▶ _Data supplied_
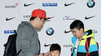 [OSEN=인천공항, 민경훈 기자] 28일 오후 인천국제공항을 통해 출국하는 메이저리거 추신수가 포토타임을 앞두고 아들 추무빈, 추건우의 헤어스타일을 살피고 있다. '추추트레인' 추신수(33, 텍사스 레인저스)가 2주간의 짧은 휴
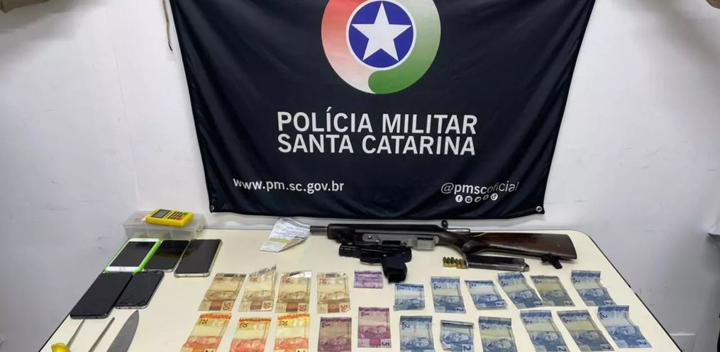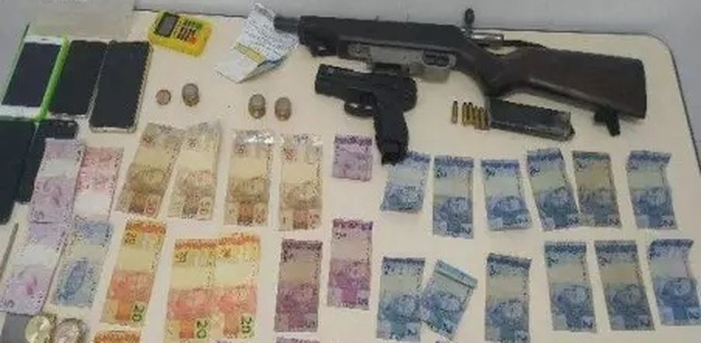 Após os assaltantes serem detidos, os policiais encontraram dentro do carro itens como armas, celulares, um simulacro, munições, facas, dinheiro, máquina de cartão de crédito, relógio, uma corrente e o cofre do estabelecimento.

--

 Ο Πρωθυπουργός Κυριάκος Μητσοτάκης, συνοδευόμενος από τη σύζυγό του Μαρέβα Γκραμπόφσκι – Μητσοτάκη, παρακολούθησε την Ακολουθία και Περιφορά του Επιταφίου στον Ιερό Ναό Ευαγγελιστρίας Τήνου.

--

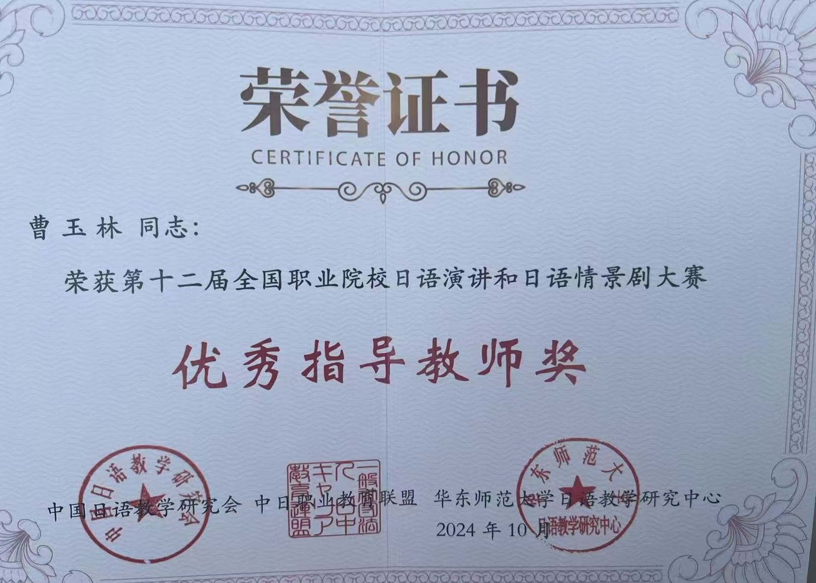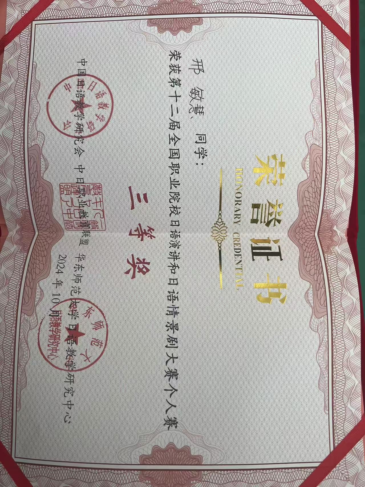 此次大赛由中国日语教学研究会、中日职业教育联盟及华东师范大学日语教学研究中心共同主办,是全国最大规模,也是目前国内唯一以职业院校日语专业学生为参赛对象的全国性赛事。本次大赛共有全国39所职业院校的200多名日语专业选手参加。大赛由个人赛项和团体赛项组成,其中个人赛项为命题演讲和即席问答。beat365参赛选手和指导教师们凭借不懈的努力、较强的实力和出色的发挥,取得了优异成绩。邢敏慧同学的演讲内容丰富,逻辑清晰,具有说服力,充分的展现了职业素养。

▶ _Task statement_
Of the records above, print only the lines from the one containing "[OSEN=인천공항, 민경훈 기자]" through the one containing "Após os assaltantes", inclusive and unaltered, leaving out pictures.

▶ _Answer to this exercise_
 [OSEN=인천공항, 민경훈 기자] 28일 오후 인천국제공항을 통해 출국하는 메이저리거 추신수가 포토타임을 앞두고 아들 추무빈, 추건우의 헤어스타일을 살피고 있다. '추추트레인' 추신수(33, 텍사스 레인저스)가 2주간의 짧은 휴
 Após os assaltantes serem detidos, os policiais encontraram dentro do carro itens como armas, celulares, um simulacro, munições, facas, dinheiro, máquina de cartão de crédito, relógio, uma corrente e o cofre do estabelecimento.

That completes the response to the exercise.